The songs dedicated to Krishna are composed in local languages. They are connected to particular temples where Krishna is known by different names. This makes the songs unique. So, although we speak of Krishna Bhakti as a pan Indian phenomena, the reality is he has many local manifestations. People from one part of India may not recognise Krishna from other parts of India until they observe certain details.
For example, in Rajasthan, Krishna is called ‘Shrinathji’. He is visualised as holding the Govardhan Mountain on his finger, his eyes are boat shaped. But in Odisha, Krishna is called Jagannatha. The image of Krishna is an incomplete wooden statue, which is replaced every 12 years or so. It has characteristic round eyes. Shrinathji is worshipped alone. Jagannath is worshipped with his brother, Balarama, and his sister, Subhadra. People from Rajasthan visiting Jagannatha Puri may be familiar with Krishna. But they may find the images and the name of Jagannath very different from the image at the worship of Shrinathji at Nathdwara.
In Gujarat, Krishna is known as Dwarkadheesh, or the Lord of Dwaraka. But the image here shows him with four arms or Chaturbhuj, more like Vishnu, and less like Krishna. The images of Dwarkadheesh are found in Dwarka, as well as Dakor. In Bengal, Krishna is called Keshto in the Baul traditions.
Chaitanya Mahaprabhu made his image as Murlidhar or the flute-holding Krishna standing entwined with Radha. This image is found in the Gaudiya Vaishnava Parampara. In the Shankardev traditions of Assam, in the satras of Assam, Krishna is popularly known as Madhava, linking him with madhu or honey. However, in Namghar, where his name is chanted and stories narrated, there is no statue of Krishna.
If you read old Tamil literature, we come across a cowherd god called Mayon. Mayon is surrounded by milkmaids and has a beloved name called Nappinnai. We wonder who he is. A closer examination reveals he is Kanha of Hindi literature, and Nappinnai is Radha. This is the same god, referred to very differently in the northern belt and in the southern regions.

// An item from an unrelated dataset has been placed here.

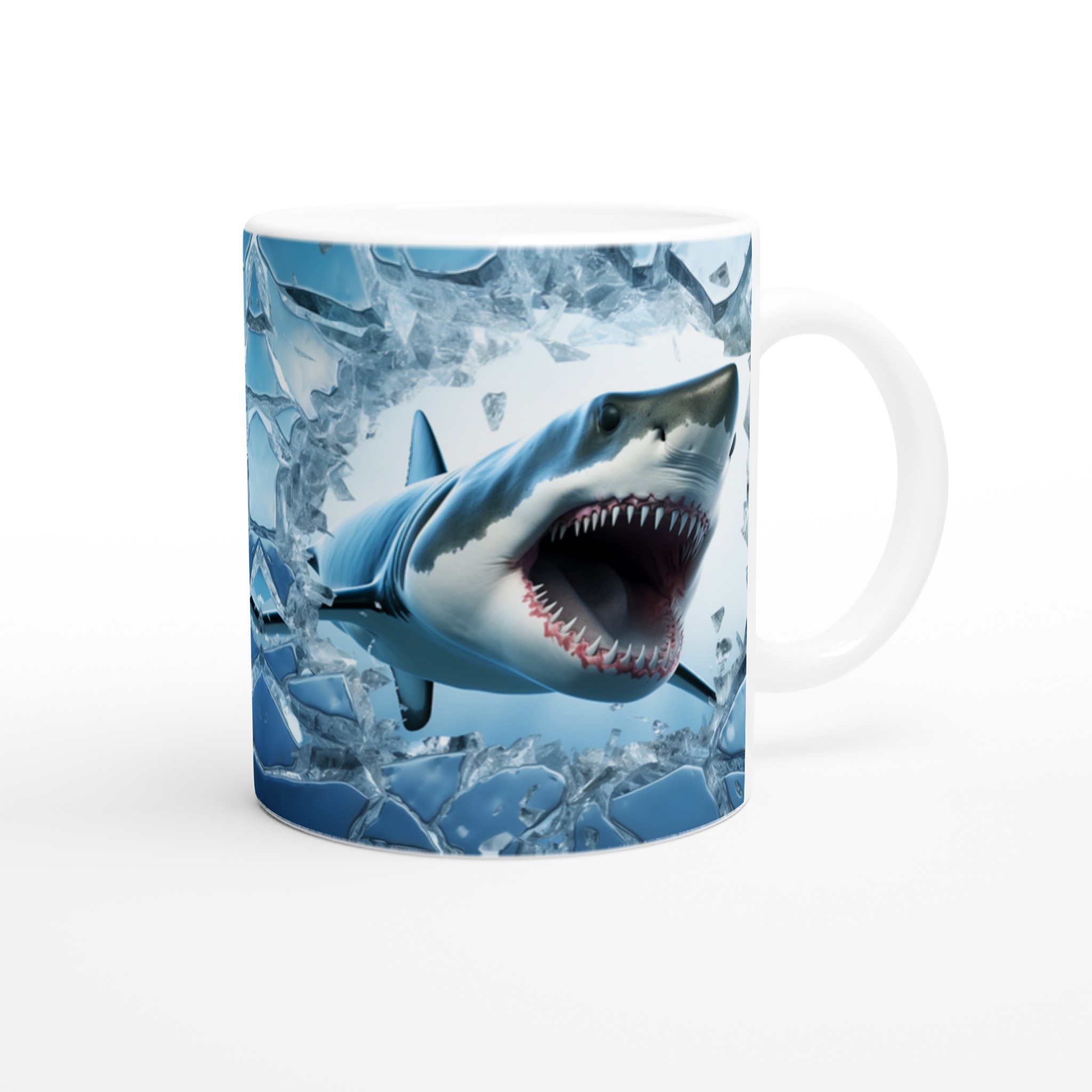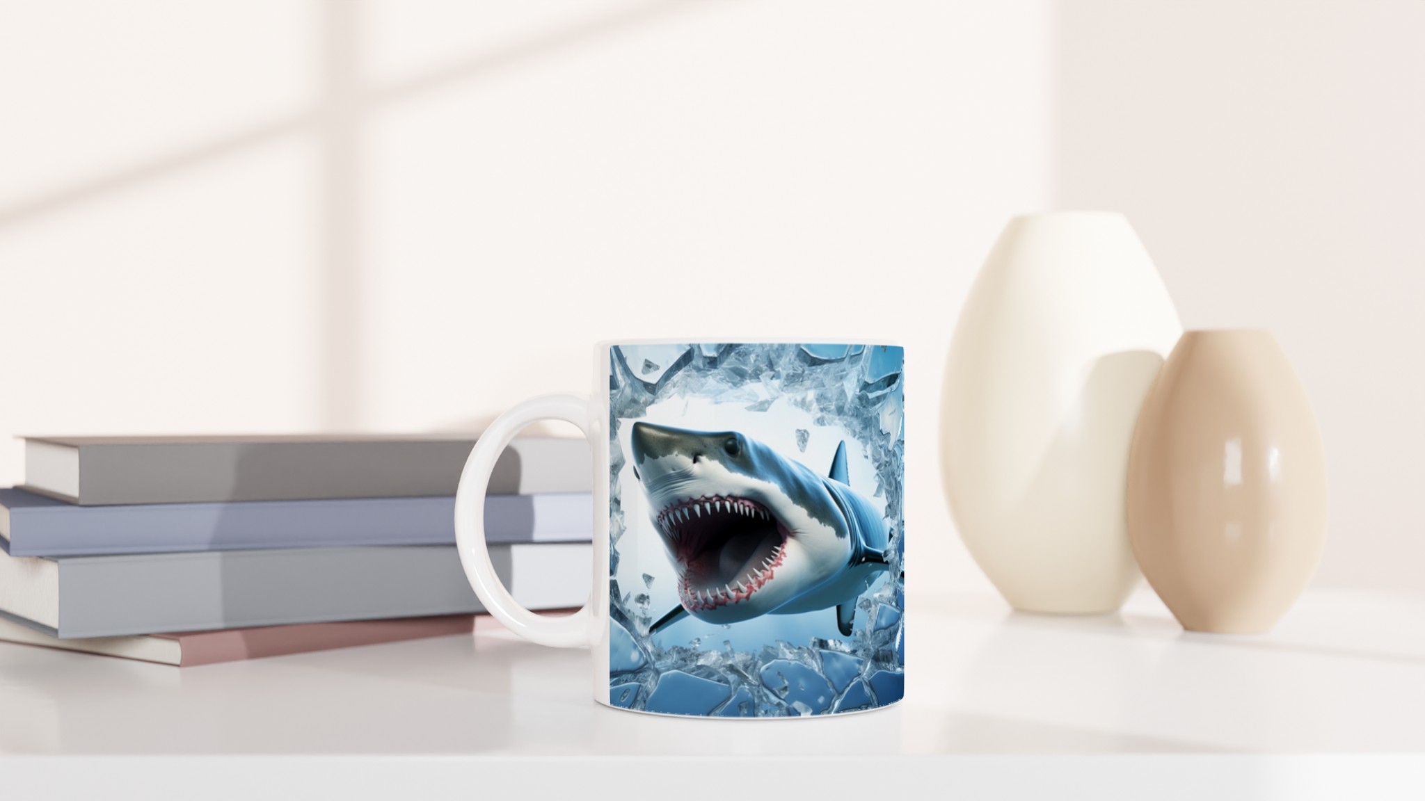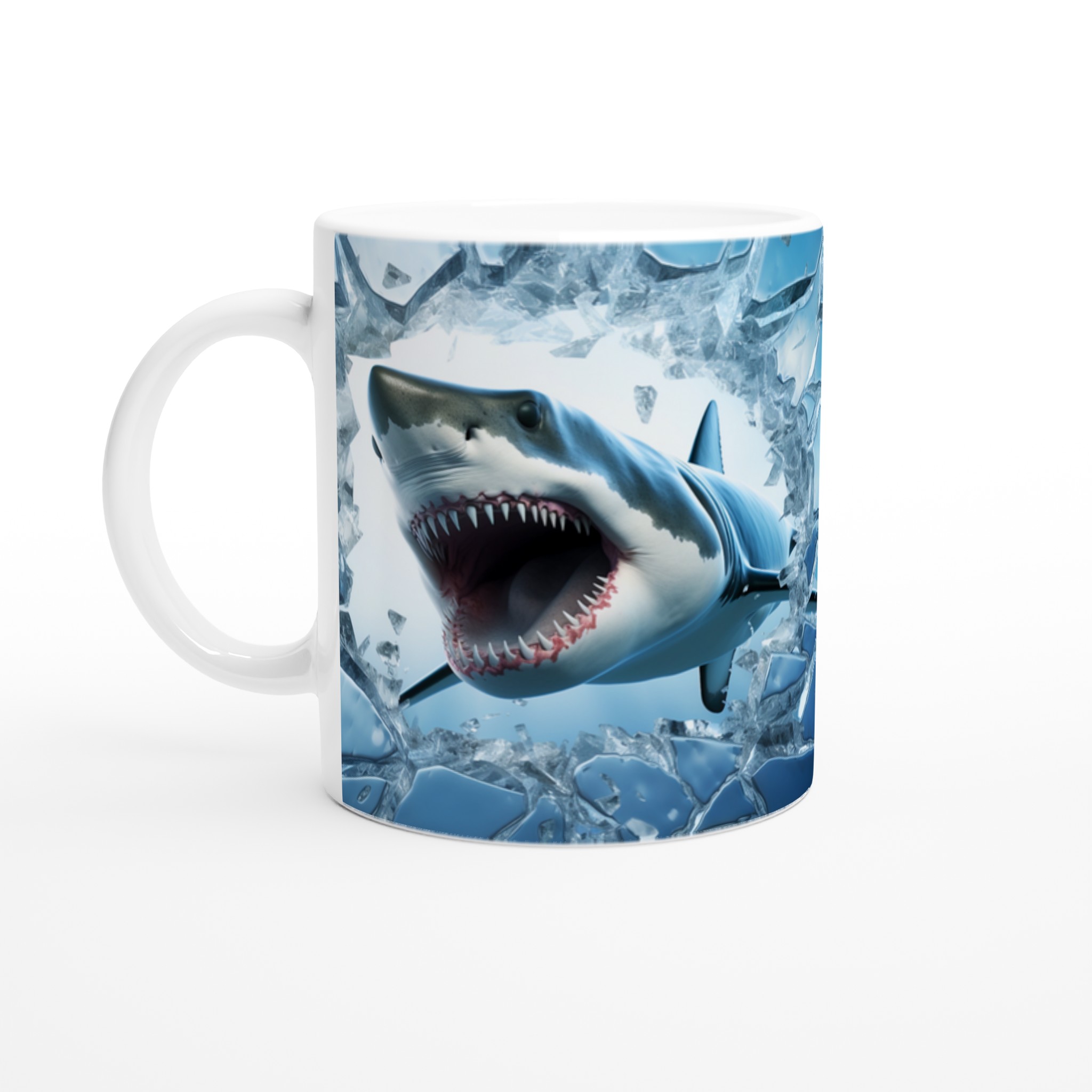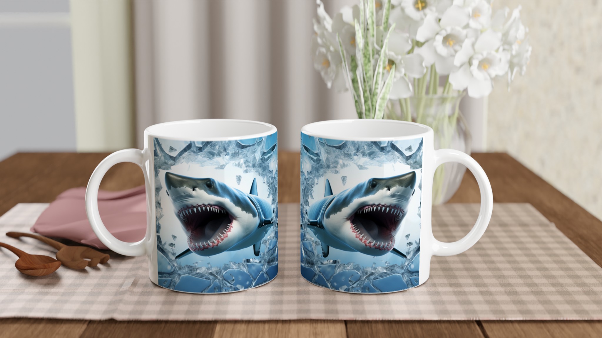 Gör varje fika till ett äventyr med vår ’Shark Attack’ keramiska mugg! Denna mugg fångar den råa kraften och skönheten hos hajar som bryter igenom ytan i en explosion av is och vatten, allt i en fantastisk, dynamisk design. Perfekt för morgonkaffet, kvällens varma choklad eller när du bara vill njuta av en kopp te med en extra kick av spänning. Den blanka vita ytan gör att trycken framhävs med klara och levande färger, som håller sig fina även efter många turer i mikron och diskmaskinen.

In Karnataka, Krishna is worshipped as Chennakeshava or the little Krishna. His image shows him holding a churning rod in one hand. In Kerala, he is visualised as Guruvayur. Guruvayur means the deity who was worshipped by Brihaspati and Vayu, the planet Jupiter and the wind-god. It is said that this image was worshipped once by Devaki and was passed on to the kings of Kerala, a long time ago.
In Maharashtra, Krishna is worshipped as Vithala, in Pandharpur with Rakhumani or Rukhmani. Krishna here stands on a brick with arms akimbo. The word Vithoba is connected to Vishnu, or Vithu, in the old form of Marathi.
In Tirupati, Andhra Pradesh, the deity looks like the four armed Vishnu but is addressed as Govinda, or Gopala, the cowherd. In Chennai, there is a rare temple where he is called Parthasarathy or the charioteer of Arjuna. This statue is gigantic and has a moustache, a very unique feature not found in other parts of India. In his hand, he holds not a flute but a conch-shell. In the Guru Granth Sahib of the Sikhs, there is repeated reference to Hari and Madhusudan, names of Krishna.
Thus, we find Krishna visualised differently in different parts of India. Thus the concept of unity and diversity finds a mythological expression. Diverse regional forms of Krishna are united by the Puranic idea of Krishna, the eighth avatar of Vishnu.